February 5, 1995 in Features

Making Peace Father’s Death Is Hard On A Son, Especially If There Was A Rift Between Them

Neil Chethik Universal Press Syndicate
 
Tags:family

As the baby-boom generation moves into middle age, a growing number of men are facing an agonizing and life-altering event: the deaths of their fathers. For any man, such a death is usually followed by great anguish and upheaval. But for a man estranged from his father, the aftermath often is even more treacherous.

“The grief will always be there” when a father dies, says Joseph Ilardo, a Connecticut psychologist who specializes in working with men. “But for a son who has had a troubled relationship with his father, it will be compounded by guilt, shame and betrayal.”

Such was the case for James Houck, 52, a Michigan business consultant whose father died last June. The elder Houck had been an orphan, and then an alcoholic for much of his life. He had no idea how to express love toward his three children, his son says.
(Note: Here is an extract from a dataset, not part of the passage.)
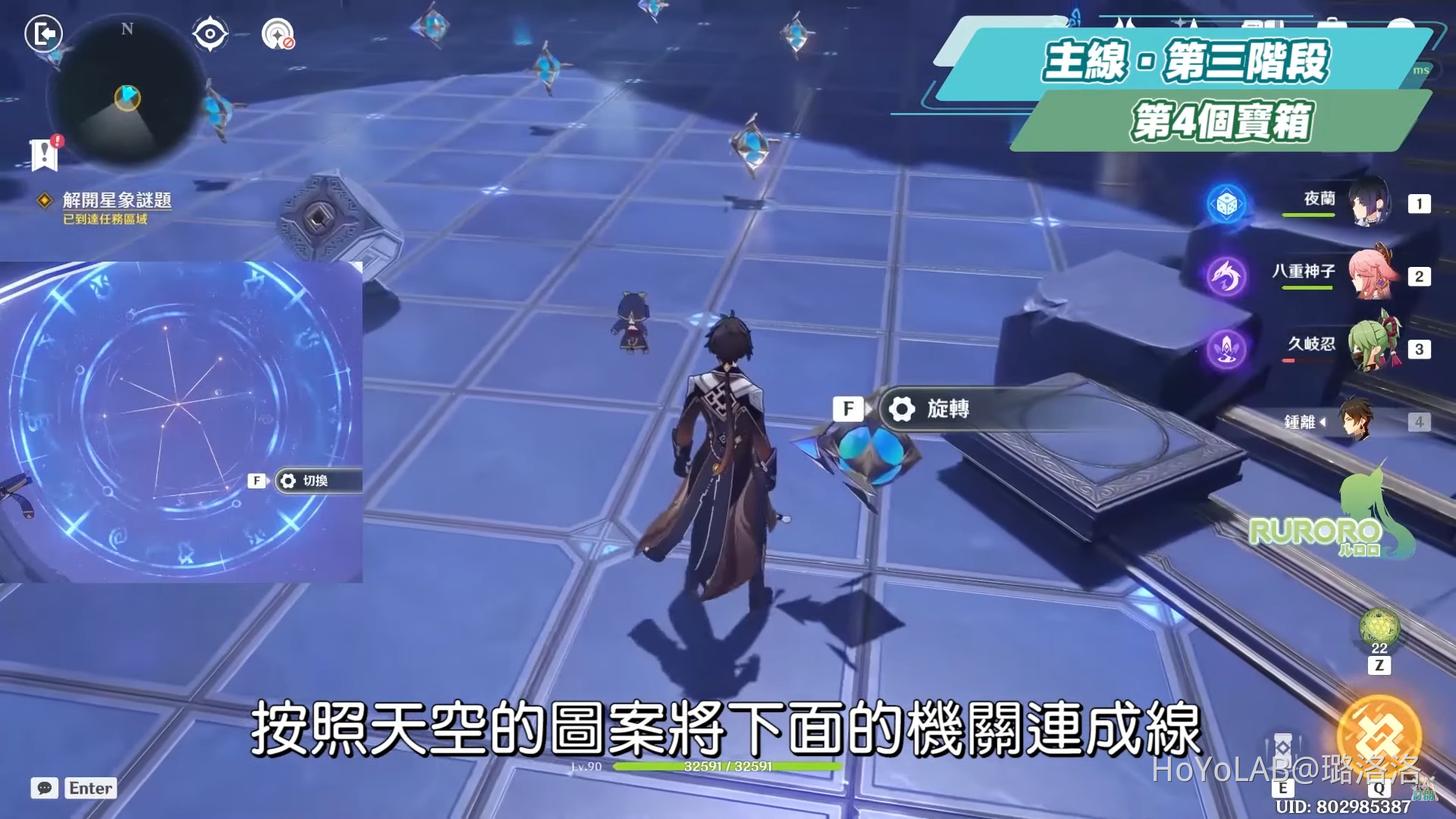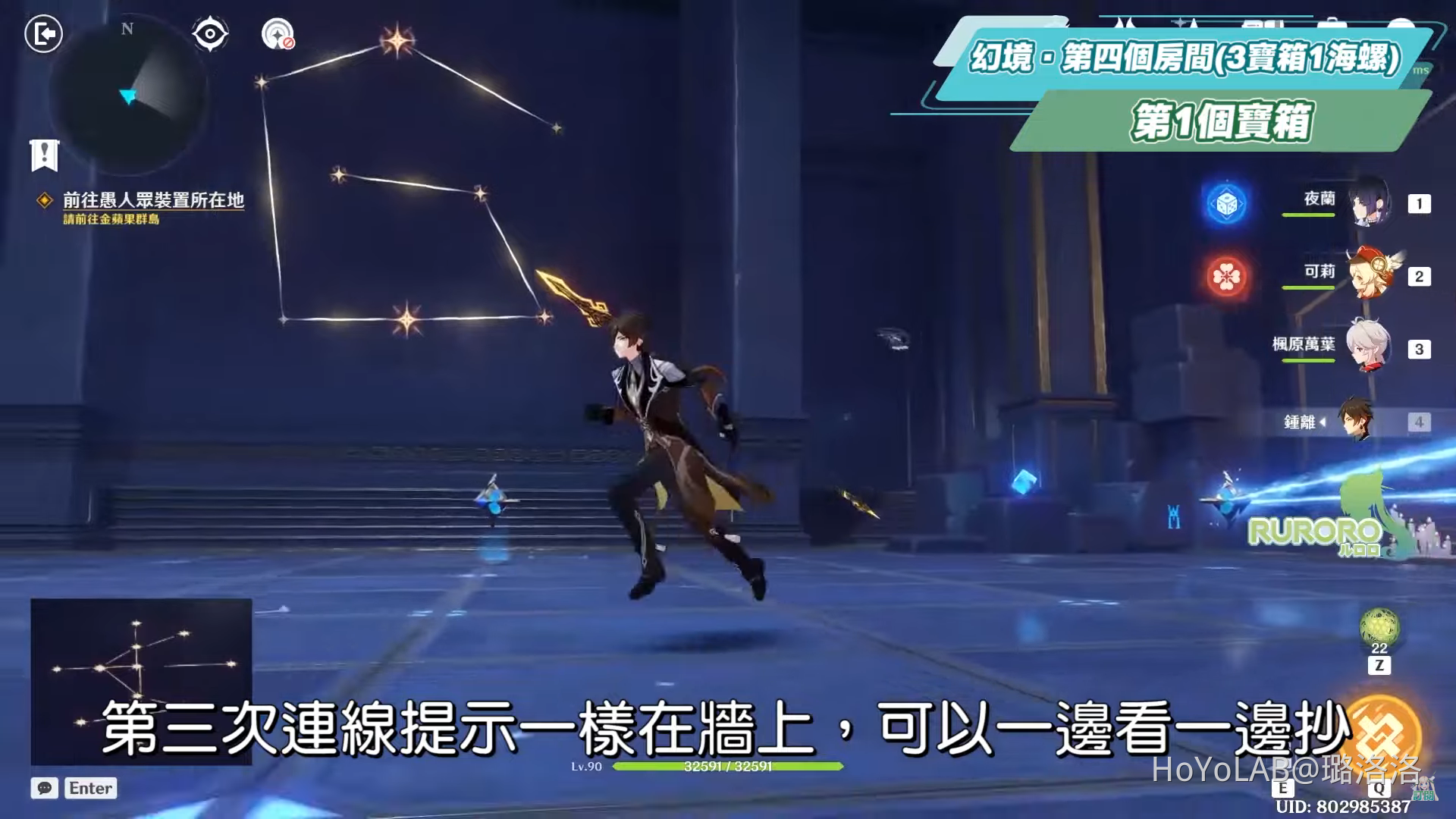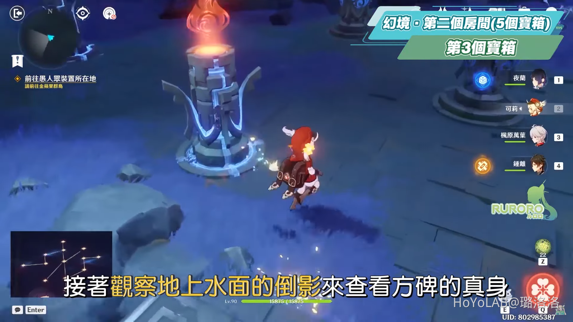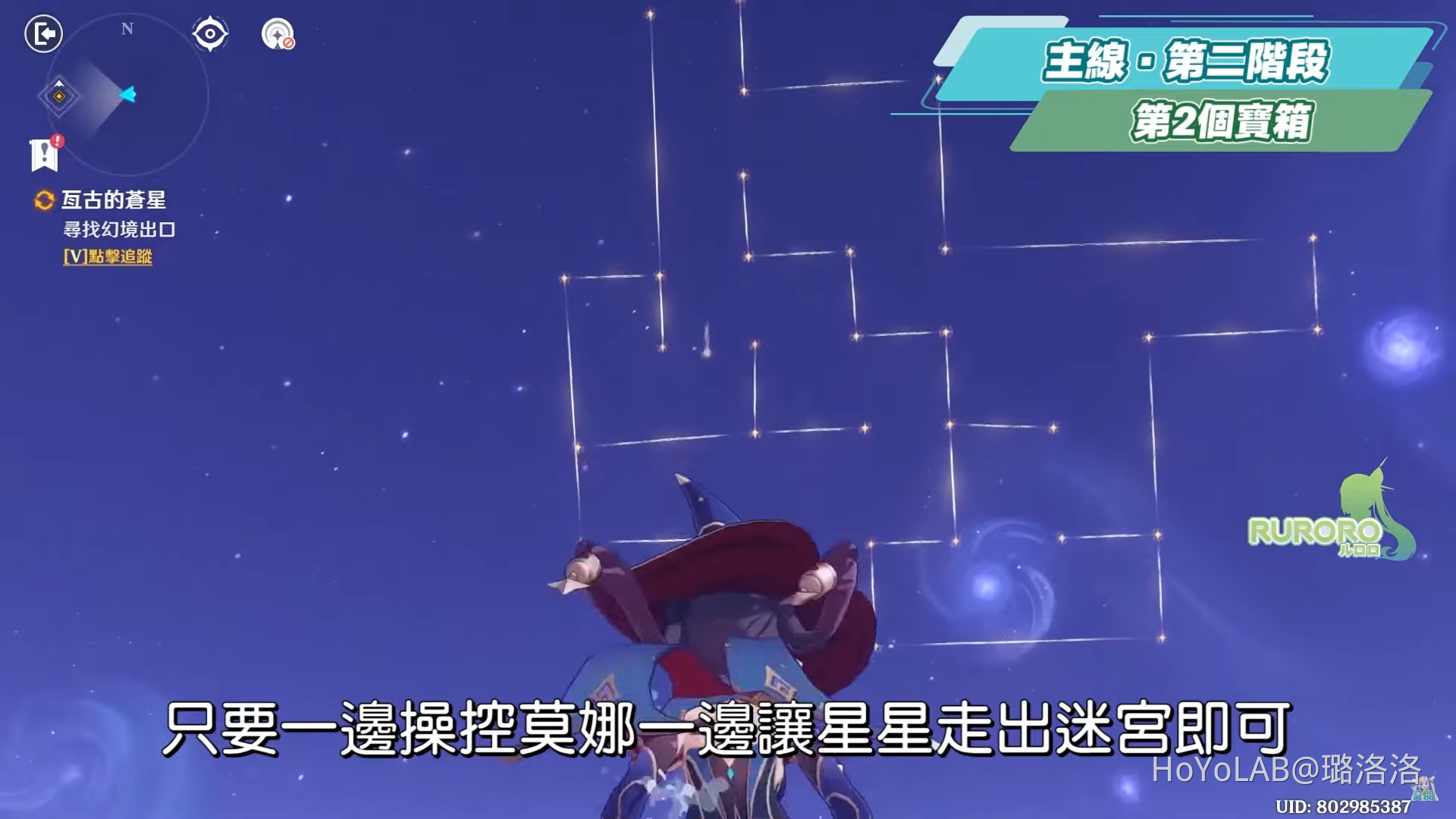 左上小地圖可以先朝向北方,這邊的解謎提示是莫娜命之座的連線,沒有抽到莫娜的人是不是就要自己去網路找圖了?

Father and son fought intensely when the younger Houck was a teenager, and when he moved out of his parents’ home at age 18, Houck didn’t look back. For the next quarter-century, the two men rarely spoke with each other.

Then, about five years ago, the younger Houck, pained by his estrangement, decided to reach out to his father. In an unprecedented display of openness, Houck sat down and expressed both his disappointment in his father and his love for him. “I was just sobbing, trying to get this out,” Houck recalls. “But he was not moved at all. When I was done, he looked at me and said: `You know, you really didn’t have it that bad.”’

Houck was disappointed but never gave up. Two weeks before his father’s death at the age of 76, Houck traveled to Florida to see him. Again, he told his father he loved him, and then tried to hug him. His father’s reaction: “He kind of pushed me away,” Houck says.

Since the death, Houck has felt anger and guilt mixed with his grief. The guilt comes when he questions whether he tried hard enough to connect with his dad. What bothers him most, however, is that “he’s gone and I’ll never, never reach a final peace with him,” Houck says. “I think there will always be a part of me that will cry out for that love and affection and closeness.”

It doesn’t have to be this way. Ed Zurawski, 50, a sales representative also from Michigan, had a strained relationship with his father, too. As a child, Zurawski felt that his father cared more about his work than he did about his children. And as a young adult, Zurawski had no interest in trying to heal the rift.

Seven years ago, however, at the urging of his wife, Zurawski approached his father during a Christmas celebration and for the first time in his life, he hugged the older man. “It was very awkward. He was like a two-by-four, very stiff,” Zurawski remembers. “But eventually he put his hands around my waist, and hugged me back.”

The two men never talked about their differences. But almost every time they saw each other after that, they hugged. “It was my way of telling him that I loved him, that I accepted him,” Zurawski says.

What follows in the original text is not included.